The remote breeding of the European crane (Grus grus) in Lapland and along the northern border of Russia was little known until the mystery was solved by J. Wolley in 1853, who discovered among other new facts that the young run about as soon as they leave the egg, and that the sitting bird would not carry away eggs that had been handled, as had been commonly believed. The birds make their nests on the ground in the marshy plains that border the Arctic Sea. The whole account (Ibis, London, 1859) is exceedingly interesting, and is largely quoted by Stejneger in the Standard Natural History, vol. iv. (Boston, 1885). Other cranes of the Old World are the northwest African crowned or Balearic crane (Balearica pavonina), which has a top-knot like that of a peacock; and the smaller Numidian crane or demoiselle (Grus virgo), which in summer resides and breeds from Turkey eastward to China, and which is the one most famous for its dancing. The Manchurian crane (Grus viridirostris) is especially common in winter in Korea, where it is trapped in large numbers and sold to the Chinese and Japanese, who are especially fond of it, and endow it with many folklore qualities. The large Australasian crane (Grus Australasiana) is one of the most conspicuous birds of that region, and is known to the Australians as 'native companion' because of its friendly disposition. It will sometimes follow the plowman, picking up the insects he turns out of the soil. Consult Blyth, Natural History of the Cranes (London, 1881).

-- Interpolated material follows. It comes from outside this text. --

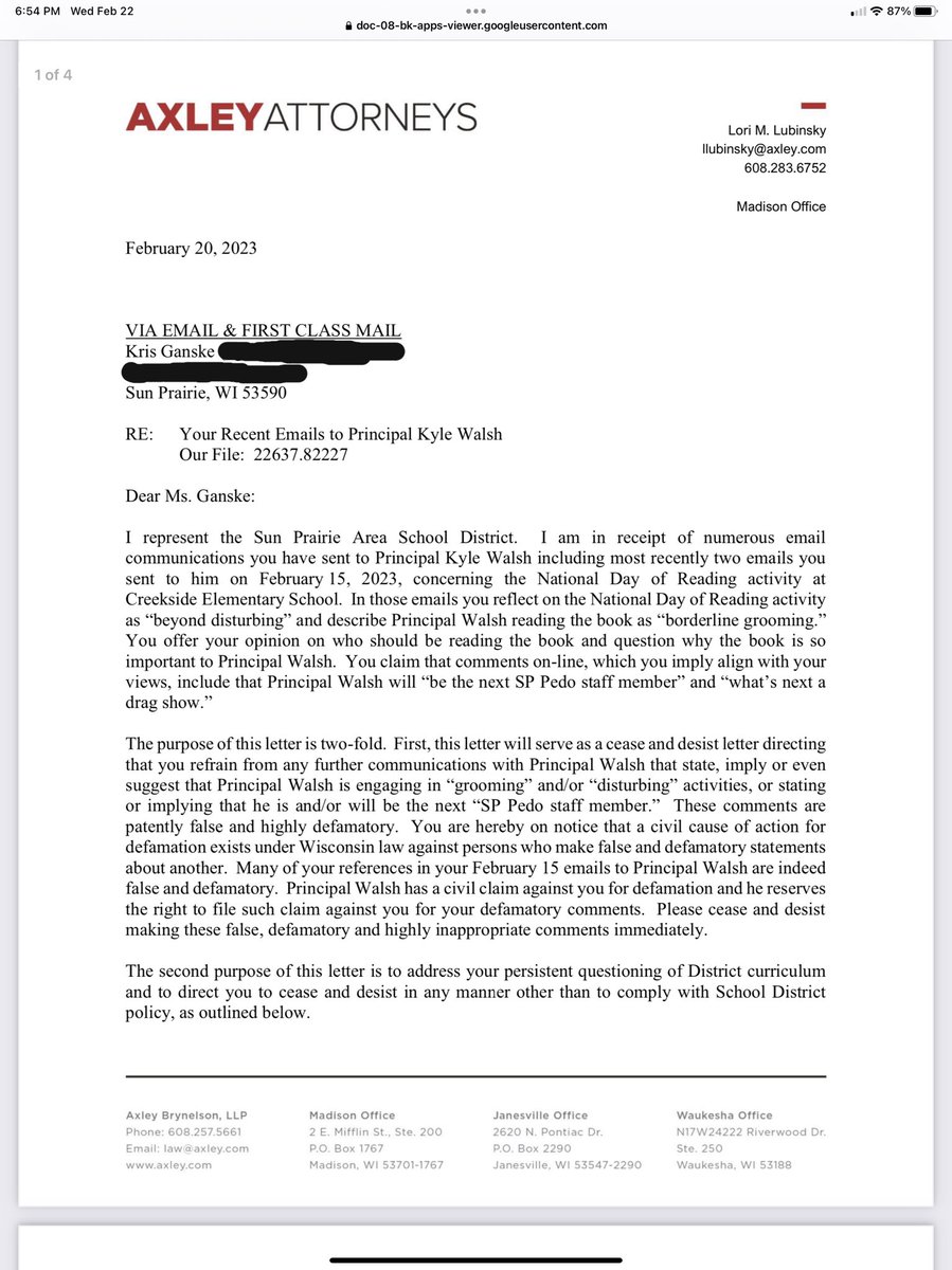 The school’s power to compel students’ presence in the classrooms, lunchrooms and hallways means that district has a heightened duty to ensure the neutrality of messages presented for students. There is nothing neutral about the messages Sheboygan Falls students are bombarded… twitter.com/i/web/status/1…

American cranes are of three species. The greatest is the whooping crane (Grus Americana), which is larger than the European crane, and is seldom seen except on the Western plains, where it has become rare. Two others are also species of the Western interior, and are diminishing in numbers; one is the sand-hill crane (Grus Mexicana), and the other the little brown crane (Grus Canadensis)—both until recently regarded one species. Consult Coues, Birds of the Northwest (Washington, 1874). See Plate of CRANES, ETC.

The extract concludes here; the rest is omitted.